What is expected -> Give back exactly the lines of the entries below from the line with "Not all explants" to the line with "Tẩy da chết", inclusive, and only those.

Information supplied ->
══════

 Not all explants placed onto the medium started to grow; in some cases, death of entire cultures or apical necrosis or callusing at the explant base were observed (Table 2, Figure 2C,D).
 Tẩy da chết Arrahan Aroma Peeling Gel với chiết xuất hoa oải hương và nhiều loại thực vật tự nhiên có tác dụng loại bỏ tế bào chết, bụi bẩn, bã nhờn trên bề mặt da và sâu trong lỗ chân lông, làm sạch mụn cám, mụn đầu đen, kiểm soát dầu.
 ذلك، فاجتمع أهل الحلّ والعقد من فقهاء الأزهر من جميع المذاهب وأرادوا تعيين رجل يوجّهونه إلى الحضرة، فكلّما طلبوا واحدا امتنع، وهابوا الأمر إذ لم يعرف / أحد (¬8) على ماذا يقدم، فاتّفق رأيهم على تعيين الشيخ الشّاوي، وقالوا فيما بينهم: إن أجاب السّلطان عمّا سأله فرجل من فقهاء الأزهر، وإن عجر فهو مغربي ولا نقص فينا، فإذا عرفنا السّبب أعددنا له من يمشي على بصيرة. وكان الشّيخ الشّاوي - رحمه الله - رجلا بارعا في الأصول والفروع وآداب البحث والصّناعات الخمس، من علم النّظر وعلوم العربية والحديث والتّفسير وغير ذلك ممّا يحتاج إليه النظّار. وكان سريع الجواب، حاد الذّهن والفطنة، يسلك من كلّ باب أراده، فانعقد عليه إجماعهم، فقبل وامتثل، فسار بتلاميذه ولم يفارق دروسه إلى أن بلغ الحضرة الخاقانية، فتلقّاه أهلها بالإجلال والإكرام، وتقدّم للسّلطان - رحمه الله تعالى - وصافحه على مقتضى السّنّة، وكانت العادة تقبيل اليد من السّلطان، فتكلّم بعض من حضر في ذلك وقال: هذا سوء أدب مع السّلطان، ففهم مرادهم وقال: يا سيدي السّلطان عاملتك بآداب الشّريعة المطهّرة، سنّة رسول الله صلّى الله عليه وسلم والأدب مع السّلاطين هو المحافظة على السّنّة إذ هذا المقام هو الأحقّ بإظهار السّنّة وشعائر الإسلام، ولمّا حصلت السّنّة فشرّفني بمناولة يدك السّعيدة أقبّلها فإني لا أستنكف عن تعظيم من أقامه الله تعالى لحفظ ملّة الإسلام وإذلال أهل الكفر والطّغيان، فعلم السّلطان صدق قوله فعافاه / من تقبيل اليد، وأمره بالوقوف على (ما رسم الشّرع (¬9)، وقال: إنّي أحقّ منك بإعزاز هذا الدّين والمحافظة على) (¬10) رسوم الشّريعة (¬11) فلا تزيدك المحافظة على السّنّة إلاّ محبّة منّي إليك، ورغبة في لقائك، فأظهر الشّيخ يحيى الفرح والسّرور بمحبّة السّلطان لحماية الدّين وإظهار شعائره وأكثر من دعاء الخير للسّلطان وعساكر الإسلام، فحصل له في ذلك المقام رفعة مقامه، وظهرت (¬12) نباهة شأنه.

══════

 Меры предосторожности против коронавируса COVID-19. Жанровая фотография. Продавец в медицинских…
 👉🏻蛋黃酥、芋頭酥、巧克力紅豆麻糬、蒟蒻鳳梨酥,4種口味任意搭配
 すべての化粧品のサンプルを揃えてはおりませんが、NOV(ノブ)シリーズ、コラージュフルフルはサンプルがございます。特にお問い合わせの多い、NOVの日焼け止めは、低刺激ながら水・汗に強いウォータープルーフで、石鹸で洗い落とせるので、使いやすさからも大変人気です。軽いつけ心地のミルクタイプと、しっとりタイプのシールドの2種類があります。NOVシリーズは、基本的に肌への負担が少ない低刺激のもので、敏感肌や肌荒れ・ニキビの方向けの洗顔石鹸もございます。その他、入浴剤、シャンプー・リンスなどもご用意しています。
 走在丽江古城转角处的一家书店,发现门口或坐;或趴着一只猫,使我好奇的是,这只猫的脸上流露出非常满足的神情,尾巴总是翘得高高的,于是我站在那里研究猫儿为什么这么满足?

══════

Result of the task ->
 Not all explants placed onto the medium started to grow; in some cases, death of entire cultures or apical necrosis or callusing at the explant base were observed (Table 2, Figure 2C,D).
 Tẩy da chết Arrahan Aroma Peeling Gel với chiết xuất hoa oải hương và nhiều loại thực vật tự nhiên có tác dụng loại bỏ tế bào chết, bụi bẩn, bã nhờn trên bề mặt da và sâu trong lỗ chân lông, làm sạch mụn cám, mụn đầu đen, kiểm soát dầu.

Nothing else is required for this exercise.